> What is expected: Among the lines below, copy exactly those from the one with "네이비 색상의 숄더백입니다." through the one with "2025.04.09 | 12716 |", counting both ends.

(Dataset items)

+ + + + +

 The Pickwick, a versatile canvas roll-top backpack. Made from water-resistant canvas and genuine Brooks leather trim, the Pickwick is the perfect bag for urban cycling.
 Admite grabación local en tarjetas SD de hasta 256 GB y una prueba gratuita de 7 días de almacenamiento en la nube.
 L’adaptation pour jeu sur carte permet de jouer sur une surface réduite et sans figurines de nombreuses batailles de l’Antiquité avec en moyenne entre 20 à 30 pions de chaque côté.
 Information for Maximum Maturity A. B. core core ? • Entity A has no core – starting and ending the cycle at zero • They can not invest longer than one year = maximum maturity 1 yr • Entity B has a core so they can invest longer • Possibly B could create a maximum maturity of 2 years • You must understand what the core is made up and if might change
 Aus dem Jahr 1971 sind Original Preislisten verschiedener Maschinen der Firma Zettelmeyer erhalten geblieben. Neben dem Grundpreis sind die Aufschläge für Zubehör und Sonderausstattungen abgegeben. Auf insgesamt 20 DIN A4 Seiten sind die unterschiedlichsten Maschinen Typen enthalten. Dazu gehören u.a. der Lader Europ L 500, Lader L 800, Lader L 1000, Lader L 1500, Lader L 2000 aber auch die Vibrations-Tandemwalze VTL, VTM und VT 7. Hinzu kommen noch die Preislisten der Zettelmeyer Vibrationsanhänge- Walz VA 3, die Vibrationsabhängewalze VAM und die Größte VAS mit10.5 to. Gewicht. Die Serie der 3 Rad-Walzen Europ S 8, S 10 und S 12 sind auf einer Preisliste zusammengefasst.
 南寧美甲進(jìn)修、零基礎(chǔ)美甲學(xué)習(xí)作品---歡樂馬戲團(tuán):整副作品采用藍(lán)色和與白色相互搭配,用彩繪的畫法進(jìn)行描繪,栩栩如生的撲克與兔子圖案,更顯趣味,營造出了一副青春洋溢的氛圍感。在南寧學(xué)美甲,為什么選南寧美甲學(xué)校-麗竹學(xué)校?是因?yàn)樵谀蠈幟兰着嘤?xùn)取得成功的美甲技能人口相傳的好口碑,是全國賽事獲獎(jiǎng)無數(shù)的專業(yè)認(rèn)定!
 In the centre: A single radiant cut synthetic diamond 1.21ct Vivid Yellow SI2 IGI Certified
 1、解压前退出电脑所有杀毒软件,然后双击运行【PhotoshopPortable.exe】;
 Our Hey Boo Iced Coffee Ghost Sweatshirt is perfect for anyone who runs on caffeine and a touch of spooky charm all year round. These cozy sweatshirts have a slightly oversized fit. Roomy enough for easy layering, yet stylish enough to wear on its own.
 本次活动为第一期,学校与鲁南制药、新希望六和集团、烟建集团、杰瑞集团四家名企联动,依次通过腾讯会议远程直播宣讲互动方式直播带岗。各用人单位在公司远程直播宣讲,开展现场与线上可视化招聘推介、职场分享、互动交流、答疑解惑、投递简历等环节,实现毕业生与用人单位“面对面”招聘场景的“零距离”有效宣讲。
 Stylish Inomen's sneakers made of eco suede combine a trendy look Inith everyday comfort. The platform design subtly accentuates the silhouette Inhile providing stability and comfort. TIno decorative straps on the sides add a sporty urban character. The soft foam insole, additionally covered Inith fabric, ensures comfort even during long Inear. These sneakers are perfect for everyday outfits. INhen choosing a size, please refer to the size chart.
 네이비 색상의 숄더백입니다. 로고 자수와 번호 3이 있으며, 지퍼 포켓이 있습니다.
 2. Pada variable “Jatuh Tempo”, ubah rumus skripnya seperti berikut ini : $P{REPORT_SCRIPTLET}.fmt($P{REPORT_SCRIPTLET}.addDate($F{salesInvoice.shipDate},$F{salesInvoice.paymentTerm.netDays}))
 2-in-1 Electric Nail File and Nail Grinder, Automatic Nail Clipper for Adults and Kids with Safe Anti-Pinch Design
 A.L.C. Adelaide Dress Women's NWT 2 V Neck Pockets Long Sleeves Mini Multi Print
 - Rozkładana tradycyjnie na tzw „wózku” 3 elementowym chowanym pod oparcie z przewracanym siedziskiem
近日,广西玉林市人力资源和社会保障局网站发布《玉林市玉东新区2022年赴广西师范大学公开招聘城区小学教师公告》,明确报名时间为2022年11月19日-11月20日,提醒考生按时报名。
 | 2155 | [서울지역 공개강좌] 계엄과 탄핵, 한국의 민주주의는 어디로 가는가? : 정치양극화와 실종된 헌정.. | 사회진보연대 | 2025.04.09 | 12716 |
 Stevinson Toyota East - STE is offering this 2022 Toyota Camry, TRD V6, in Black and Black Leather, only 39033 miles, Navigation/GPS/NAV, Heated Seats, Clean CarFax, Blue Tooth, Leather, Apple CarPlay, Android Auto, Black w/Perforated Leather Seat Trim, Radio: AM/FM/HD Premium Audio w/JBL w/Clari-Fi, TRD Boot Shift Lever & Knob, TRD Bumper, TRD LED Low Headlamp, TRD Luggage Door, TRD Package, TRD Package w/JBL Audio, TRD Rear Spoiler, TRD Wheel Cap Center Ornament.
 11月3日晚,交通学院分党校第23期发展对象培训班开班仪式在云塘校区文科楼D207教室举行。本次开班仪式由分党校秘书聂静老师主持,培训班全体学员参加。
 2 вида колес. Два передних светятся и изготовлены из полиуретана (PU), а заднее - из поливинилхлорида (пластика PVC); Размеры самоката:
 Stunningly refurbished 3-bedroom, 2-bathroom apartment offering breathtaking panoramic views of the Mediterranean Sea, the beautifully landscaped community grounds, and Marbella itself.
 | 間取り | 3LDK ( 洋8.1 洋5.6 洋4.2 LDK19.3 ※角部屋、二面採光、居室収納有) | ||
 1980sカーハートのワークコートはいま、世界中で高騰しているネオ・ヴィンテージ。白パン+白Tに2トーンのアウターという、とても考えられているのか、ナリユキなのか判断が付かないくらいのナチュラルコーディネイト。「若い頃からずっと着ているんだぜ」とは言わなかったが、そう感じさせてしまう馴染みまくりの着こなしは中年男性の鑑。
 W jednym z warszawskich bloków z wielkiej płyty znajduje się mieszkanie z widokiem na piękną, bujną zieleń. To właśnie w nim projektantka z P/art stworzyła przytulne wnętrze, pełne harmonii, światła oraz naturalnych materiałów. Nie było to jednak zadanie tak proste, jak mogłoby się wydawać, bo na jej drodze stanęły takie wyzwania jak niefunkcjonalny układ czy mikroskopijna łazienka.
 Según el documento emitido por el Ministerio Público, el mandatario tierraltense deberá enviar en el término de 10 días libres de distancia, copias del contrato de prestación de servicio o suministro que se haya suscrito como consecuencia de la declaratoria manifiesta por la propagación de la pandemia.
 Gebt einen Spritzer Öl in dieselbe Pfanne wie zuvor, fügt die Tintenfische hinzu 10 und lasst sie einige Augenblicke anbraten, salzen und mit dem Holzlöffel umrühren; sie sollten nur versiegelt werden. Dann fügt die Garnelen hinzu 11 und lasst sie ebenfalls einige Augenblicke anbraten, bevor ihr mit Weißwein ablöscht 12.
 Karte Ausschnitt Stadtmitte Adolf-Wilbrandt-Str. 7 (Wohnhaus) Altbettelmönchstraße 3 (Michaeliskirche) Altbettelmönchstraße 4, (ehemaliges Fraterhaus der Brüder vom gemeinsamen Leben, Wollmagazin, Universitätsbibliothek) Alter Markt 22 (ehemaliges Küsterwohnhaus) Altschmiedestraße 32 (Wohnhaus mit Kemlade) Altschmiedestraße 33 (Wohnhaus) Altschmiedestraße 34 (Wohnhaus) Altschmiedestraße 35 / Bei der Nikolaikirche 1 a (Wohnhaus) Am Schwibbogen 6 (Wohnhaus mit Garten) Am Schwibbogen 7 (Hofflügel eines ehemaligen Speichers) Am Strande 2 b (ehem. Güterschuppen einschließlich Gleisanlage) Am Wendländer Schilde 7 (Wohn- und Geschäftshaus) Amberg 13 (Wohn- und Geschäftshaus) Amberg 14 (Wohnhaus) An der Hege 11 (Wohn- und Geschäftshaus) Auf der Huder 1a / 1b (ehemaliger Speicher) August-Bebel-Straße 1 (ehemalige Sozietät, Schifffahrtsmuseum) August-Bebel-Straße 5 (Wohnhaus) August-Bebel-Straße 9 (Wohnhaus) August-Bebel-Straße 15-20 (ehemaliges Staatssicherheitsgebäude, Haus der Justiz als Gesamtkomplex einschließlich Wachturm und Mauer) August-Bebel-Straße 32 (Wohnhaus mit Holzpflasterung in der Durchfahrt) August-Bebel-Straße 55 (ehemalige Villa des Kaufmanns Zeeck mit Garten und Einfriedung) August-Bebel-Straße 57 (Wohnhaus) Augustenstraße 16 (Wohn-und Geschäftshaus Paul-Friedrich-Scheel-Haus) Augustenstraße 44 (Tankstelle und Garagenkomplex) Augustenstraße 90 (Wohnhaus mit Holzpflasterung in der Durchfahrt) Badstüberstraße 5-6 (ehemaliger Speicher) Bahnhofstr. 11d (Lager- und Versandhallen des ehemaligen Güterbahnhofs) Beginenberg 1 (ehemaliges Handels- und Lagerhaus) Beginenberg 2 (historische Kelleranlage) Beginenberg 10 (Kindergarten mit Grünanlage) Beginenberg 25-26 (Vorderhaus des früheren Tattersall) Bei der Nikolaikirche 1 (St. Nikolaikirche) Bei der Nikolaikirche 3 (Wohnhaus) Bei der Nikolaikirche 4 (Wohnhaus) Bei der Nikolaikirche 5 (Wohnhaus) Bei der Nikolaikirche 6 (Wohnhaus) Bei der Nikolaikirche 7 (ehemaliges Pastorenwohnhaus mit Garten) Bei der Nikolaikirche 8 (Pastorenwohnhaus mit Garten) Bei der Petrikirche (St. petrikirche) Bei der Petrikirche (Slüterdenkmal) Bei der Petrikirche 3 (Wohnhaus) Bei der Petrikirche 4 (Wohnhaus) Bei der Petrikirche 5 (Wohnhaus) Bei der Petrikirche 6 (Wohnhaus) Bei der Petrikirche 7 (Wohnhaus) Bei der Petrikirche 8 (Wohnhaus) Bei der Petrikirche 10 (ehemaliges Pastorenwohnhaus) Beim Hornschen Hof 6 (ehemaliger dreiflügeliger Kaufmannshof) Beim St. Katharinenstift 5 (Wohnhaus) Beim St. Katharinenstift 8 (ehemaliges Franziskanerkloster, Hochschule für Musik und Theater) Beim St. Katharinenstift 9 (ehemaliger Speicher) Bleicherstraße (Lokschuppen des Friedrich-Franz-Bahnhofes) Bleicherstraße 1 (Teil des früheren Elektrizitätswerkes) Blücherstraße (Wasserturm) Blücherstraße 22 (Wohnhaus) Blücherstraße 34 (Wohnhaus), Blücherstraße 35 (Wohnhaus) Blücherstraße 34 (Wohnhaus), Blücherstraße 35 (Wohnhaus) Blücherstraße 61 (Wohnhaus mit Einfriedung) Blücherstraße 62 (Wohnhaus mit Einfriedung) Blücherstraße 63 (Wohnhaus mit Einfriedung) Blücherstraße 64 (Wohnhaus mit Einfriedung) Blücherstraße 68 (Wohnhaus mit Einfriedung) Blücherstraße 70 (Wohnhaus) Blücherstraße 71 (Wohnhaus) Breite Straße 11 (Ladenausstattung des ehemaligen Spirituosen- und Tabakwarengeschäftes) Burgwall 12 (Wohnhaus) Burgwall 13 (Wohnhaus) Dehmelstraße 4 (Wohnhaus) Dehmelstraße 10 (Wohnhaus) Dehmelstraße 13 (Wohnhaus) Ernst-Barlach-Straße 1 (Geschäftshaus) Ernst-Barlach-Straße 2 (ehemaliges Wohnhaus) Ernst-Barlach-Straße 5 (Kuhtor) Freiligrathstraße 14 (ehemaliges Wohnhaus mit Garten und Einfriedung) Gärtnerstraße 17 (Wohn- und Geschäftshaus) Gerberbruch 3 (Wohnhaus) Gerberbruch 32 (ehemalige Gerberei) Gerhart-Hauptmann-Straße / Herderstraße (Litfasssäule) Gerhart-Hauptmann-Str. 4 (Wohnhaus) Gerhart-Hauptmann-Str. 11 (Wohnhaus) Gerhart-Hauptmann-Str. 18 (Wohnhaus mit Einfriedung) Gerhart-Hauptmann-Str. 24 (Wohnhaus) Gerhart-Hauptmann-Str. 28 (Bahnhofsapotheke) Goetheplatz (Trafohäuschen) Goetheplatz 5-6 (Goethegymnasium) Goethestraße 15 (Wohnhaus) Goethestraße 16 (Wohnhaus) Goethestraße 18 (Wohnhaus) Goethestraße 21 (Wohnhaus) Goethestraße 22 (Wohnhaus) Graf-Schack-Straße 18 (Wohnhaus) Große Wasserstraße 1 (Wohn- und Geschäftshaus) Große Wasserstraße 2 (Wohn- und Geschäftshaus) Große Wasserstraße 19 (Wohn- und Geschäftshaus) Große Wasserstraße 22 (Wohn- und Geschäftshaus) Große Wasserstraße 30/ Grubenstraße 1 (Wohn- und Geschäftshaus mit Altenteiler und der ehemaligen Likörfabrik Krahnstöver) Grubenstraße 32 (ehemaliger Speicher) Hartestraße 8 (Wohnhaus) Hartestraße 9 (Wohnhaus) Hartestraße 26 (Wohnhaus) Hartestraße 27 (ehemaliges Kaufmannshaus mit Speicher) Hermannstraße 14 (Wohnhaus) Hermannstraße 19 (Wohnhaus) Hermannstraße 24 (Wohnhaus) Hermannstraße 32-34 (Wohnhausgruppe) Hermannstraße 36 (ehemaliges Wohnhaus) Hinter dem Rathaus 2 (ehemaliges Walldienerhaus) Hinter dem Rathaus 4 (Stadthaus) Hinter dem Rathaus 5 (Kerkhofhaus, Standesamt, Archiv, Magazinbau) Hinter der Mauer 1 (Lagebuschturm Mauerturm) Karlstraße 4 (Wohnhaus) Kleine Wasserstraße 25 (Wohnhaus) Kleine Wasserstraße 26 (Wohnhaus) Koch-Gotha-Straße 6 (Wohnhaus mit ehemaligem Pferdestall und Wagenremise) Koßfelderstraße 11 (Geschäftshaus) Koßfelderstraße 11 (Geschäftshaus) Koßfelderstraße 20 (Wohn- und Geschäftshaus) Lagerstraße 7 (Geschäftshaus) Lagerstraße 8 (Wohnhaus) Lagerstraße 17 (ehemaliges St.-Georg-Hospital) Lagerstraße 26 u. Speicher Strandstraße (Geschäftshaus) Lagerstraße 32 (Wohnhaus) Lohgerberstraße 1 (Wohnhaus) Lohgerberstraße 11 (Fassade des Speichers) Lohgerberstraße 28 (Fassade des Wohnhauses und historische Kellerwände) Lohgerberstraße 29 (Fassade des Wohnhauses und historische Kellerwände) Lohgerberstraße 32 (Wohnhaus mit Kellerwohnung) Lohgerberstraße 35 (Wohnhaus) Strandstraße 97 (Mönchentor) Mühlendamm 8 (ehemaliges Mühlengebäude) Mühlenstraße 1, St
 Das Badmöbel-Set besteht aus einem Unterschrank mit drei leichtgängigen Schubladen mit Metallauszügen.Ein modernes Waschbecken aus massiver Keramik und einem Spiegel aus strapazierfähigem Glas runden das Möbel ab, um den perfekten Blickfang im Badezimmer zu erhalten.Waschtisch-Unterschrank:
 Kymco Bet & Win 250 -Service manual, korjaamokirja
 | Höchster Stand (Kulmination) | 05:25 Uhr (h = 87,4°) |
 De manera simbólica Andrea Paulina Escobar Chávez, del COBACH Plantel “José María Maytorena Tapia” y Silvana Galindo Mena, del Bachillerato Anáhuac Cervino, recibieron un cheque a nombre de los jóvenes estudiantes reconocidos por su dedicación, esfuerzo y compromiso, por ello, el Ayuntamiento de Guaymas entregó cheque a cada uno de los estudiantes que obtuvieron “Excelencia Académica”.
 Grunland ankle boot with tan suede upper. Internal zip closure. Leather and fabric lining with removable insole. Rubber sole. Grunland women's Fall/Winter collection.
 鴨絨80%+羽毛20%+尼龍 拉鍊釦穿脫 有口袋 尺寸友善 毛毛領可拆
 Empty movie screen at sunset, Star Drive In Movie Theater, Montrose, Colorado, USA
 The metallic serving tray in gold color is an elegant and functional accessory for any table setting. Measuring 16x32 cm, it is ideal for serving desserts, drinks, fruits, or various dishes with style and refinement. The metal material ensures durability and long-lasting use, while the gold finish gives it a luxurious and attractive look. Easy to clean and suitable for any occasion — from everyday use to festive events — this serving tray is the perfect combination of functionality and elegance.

+ + + + +

> Output:
 네이비 색상의 숄더백입니다. 로고 자수와 번호 3이 있으며, 지퍼 포켓이 있습니다.
 2. Pada variable “Jatuh Tempo”, ubah rumus skripnya seperti berikut ini : $P{REPORT_SCRIPTLET}.fmt($P{REPORT_SCRIPTLET}.addDate($F{salesInvoice.shipDate},$F{salesInvoice.paymentTerm.netDays}))
 2-in-1 Electric Nail File and Nail Grinder, Automatic Nail Clipper for Adults and Kids with Safe Anti-Pinch Design
 A.L.C. Adelaide Dress Women's NWT 2 V Neck Pockets Long Sleeves Mini Multi Print
 - Rozkładana tradycyjnie na tzw „wózku” 3 elementowym chowanym pod oparcie z przewracanym siedziskiem
近日,广西玉林市人力资源和社会保障局网站发布《玉林市玉东新区2022年赴广西师范大学公开招聘城区小学教师公告》,明确报名时间为2022年11月19日-11月20日,提醒考生按时报名。
 | 2155 | [서울지역 공개강좌] 계엄과 탄핵, 한국의 민주주의는 어디로 가는가? : 정치양극화와 실종된 헌정.. | 사회진보연대 | 2025.04.09 | 12716 |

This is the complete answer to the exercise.